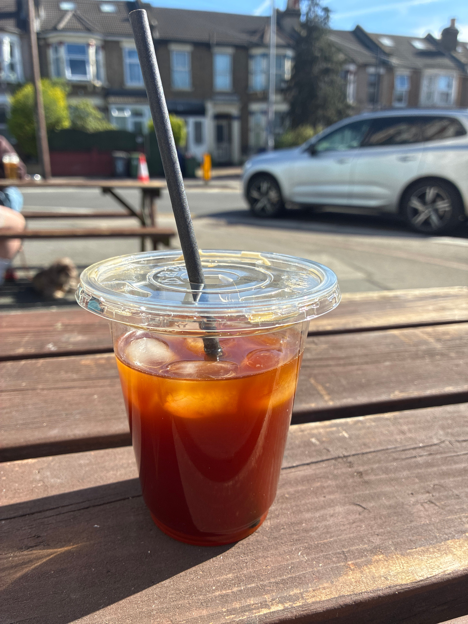 The image shows a plastic cup containing a beverage with ice, resting on a wooden surface. A black straw protrudes from the cup's lid. In the background, blurred buildings, trees, and a white car are…read more
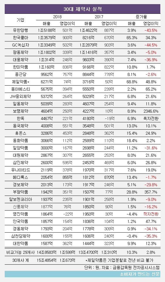 금융감독원 전자공시시스템에 따르면 30대 제약사는 지난해 15조4854억 원의 매출과 1조673억 원의 영업이익을 기록했다. 평균 영업이익률은 7.1%다. 기업분할로 전년과 비교가 어려운 제일약품을 제외하면 증가율은 매출이 10.3%, 영업이익은 3%다.
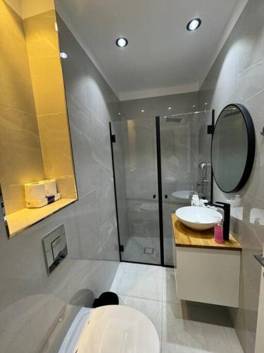 这家空调1卧室公寓提供1间浴室,配有浴缸或淋浴设施。这家公寓也提供1间浴室。
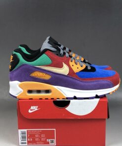 Dressed in a University Red, Pale Vanilla, and Hyper Grape color scheme. This Nike Air Max 90 features premium suede materials covered in the original color palette used on the iconic Dunk drop including the leather tongue labels.
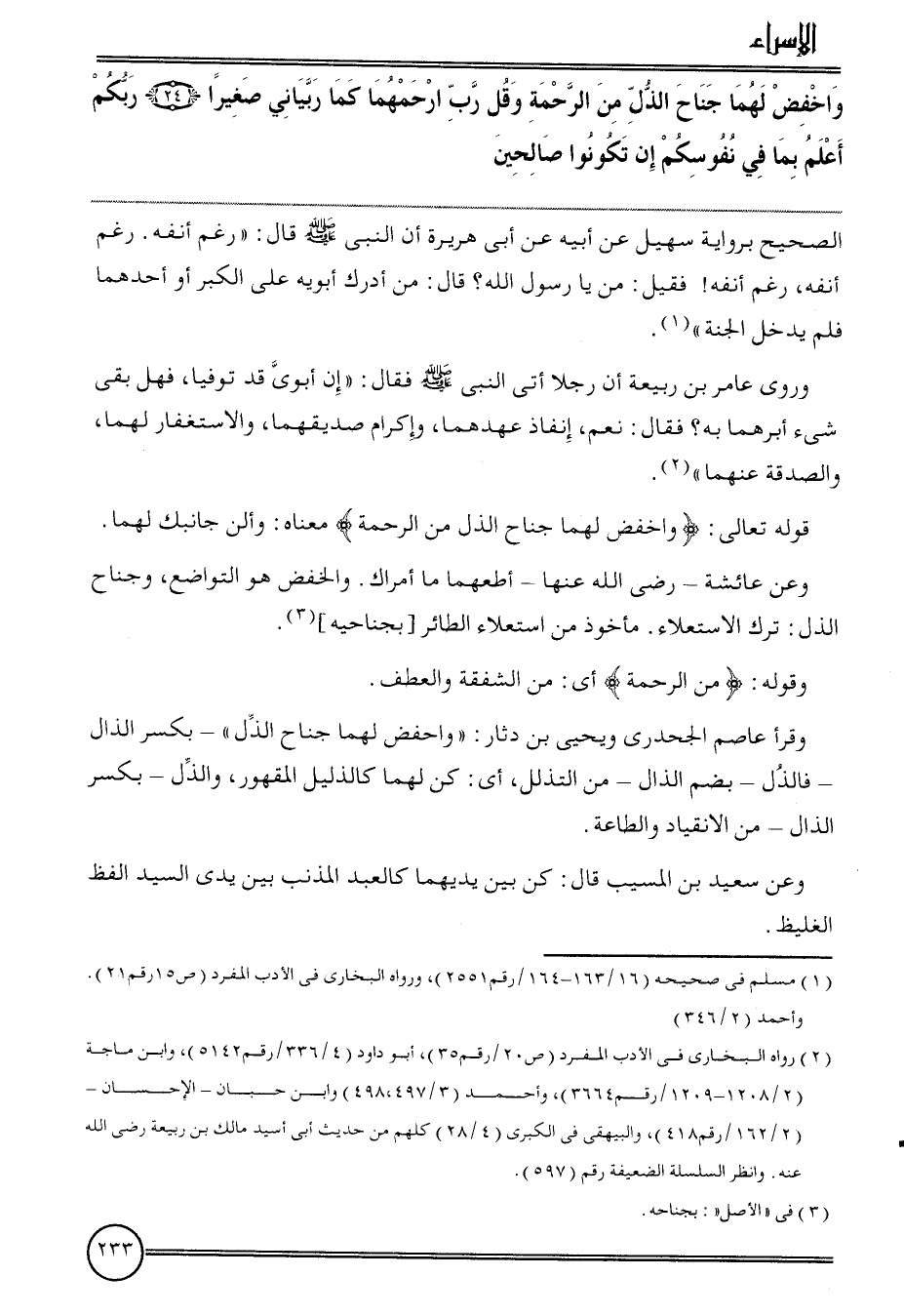 {واخفض لَهما جنَاح الذل من الرَّحْمَة وَقل رب ارحمهما كَمَا ربياني صَغِيرا (24) ربكُم أعلم بِمَا فِي نفوسكم إِن تَكُونُوا صالحين} الصَّحِيح بِرِوَايَة سُهَيْل عَن أَبِيه عَن أبي هُرَيْرَة أَن النَّبِي قَالَ: " رغم أَنفه. رغم أَنفه، رغم أَنفه! فَقيل: من يَا رَسُول الله؟ قَالَ: من أدْرك أَبَوَيْهِ على الْكبر أَو أَحدهمَا فَلم يدْخل الْجنَّة ".

**PROMPT**
Return all the material exactly, pictures excluded.

**TASK OUTPUT**
 The image shows a plastic cup containing a beverage with ice, resting on a wooden surface. A black straw protrudes from the cup's lid. In the background, blurred buildings, trees, and a white car are…read more
 금융감독원 전자공시시스템에 따르면 30대 제약사는 지난해 15조4854억 원의 매출과 1조673억 원의 영업이익을 기록했다. 평균 영업이익률은 7.1%다. 기업분할로 전년과 비교가 어려운 제일약품을 제외하면 증가율은 매출이 10.3%, 영업이익은 3%다.
 这家空调1卧室公寓提供1间浴室,配有浴缸或淋浴设施。这家公寓也提供1间浴室。
 Dressed in a University Red, Pale Vanilla, and Hyper Grape color scheme. This Nike Air Max 90 features premium suede materials covered in the original color palette used on the iconic Dunk drop including the leather tongue labels.
 {واخفض لَهما جنَاح الذل من الرَّحْمَة وَقل رب ارحمهما كَمَا ربياني صَغِيرا (24) ربكُم أعلم بِمَا فِي نفوسكم إِن تَكُونُوا صالحين} الصَّحِيح بِرِوَايَة سُهَيْل عَن أَبِيه عَن أبي هُرَيْرَة أَن النَّبِي قَالَ: " رغم أَنفه. رغم أَنفه، رغم أَنفه! فَقيل: من يَا رَسُول الله؟ قَالَ: من أدْرك أَبَوَيْهِ على الْكبر أَو أَحدهمَا فَلم يدْخل الْجنَّة ".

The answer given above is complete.